:: What this task involves ::
Beginning with the line containing "Carolina on War", transcribe every line exactly down to the last one in the records below, and drop the pictures.

(Stored items from a collection)

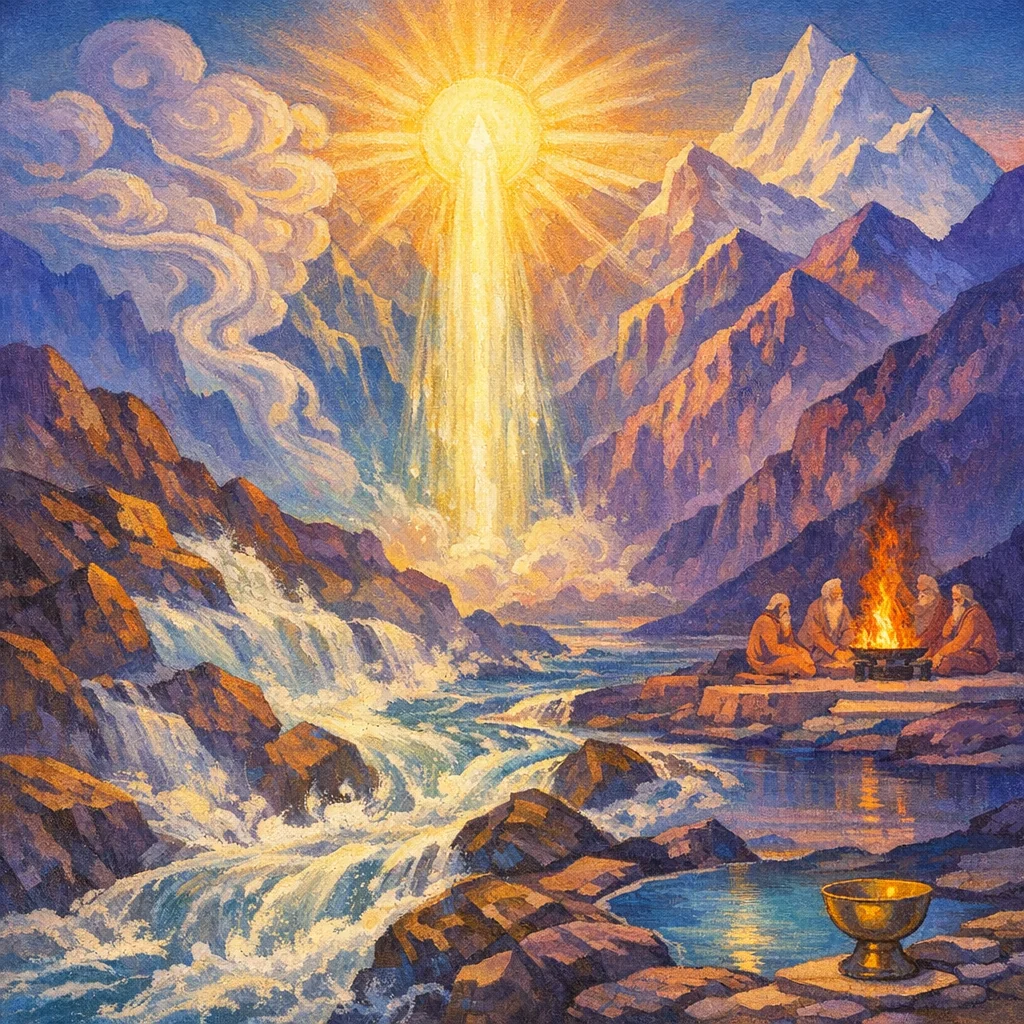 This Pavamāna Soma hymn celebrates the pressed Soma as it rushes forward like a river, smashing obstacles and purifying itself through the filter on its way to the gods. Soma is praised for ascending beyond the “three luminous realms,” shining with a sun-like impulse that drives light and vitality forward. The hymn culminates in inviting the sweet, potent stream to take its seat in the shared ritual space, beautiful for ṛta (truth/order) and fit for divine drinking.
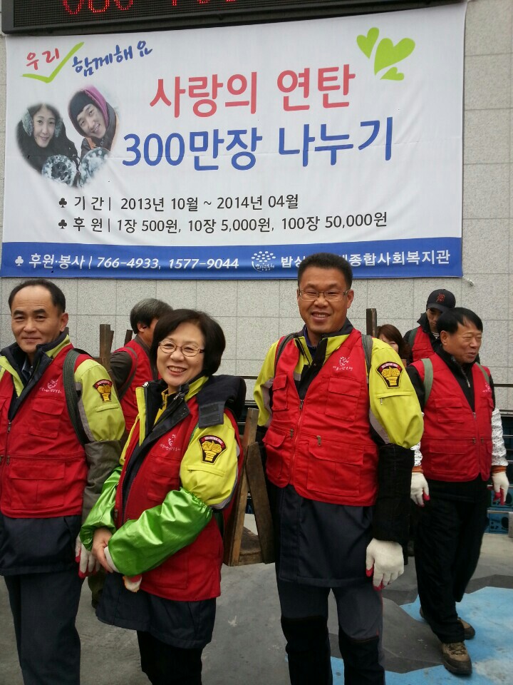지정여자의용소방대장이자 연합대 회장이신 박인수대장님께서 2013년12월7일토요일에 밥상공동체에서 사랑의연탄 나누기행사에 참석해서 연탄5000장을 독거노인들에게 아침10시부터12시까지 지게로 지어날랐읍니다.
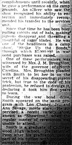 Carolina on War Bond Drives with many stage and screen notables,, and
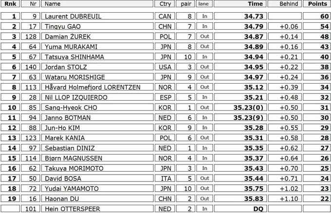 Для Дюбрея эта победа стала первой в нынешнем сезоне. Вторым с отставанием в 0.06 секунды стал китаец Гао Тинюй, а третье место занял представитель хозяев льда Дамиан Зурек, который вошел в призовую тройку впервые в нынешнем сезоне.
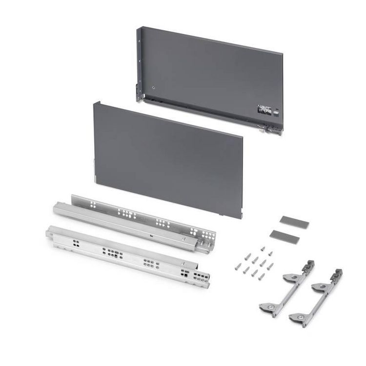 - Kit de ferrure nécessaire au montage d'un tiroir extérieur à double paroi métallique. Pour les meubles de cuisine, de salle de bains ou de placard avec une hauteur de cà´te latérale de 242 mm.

:: Reply ::
 Carolina on War Bond Drives with many stage and screen notables,, and
 Для Дюбрея эта победа стала первой в нынешнем сезоне. Вторым с отставанием в 0.06 секунды стал китаец Гао Тинюй, а третье место занял представитель хозяев льда Дамиан Зурек, который вошел в призовую тройку впервые в нынешнем сезоне.
 - Kit de ferrure nécessaire au montage d'un tiroir extérieur à double paroi métallique. Pour les meubles de cuisine, de salle de bains ou de placard avec une hauteur de cà´te latérale de 242 mm.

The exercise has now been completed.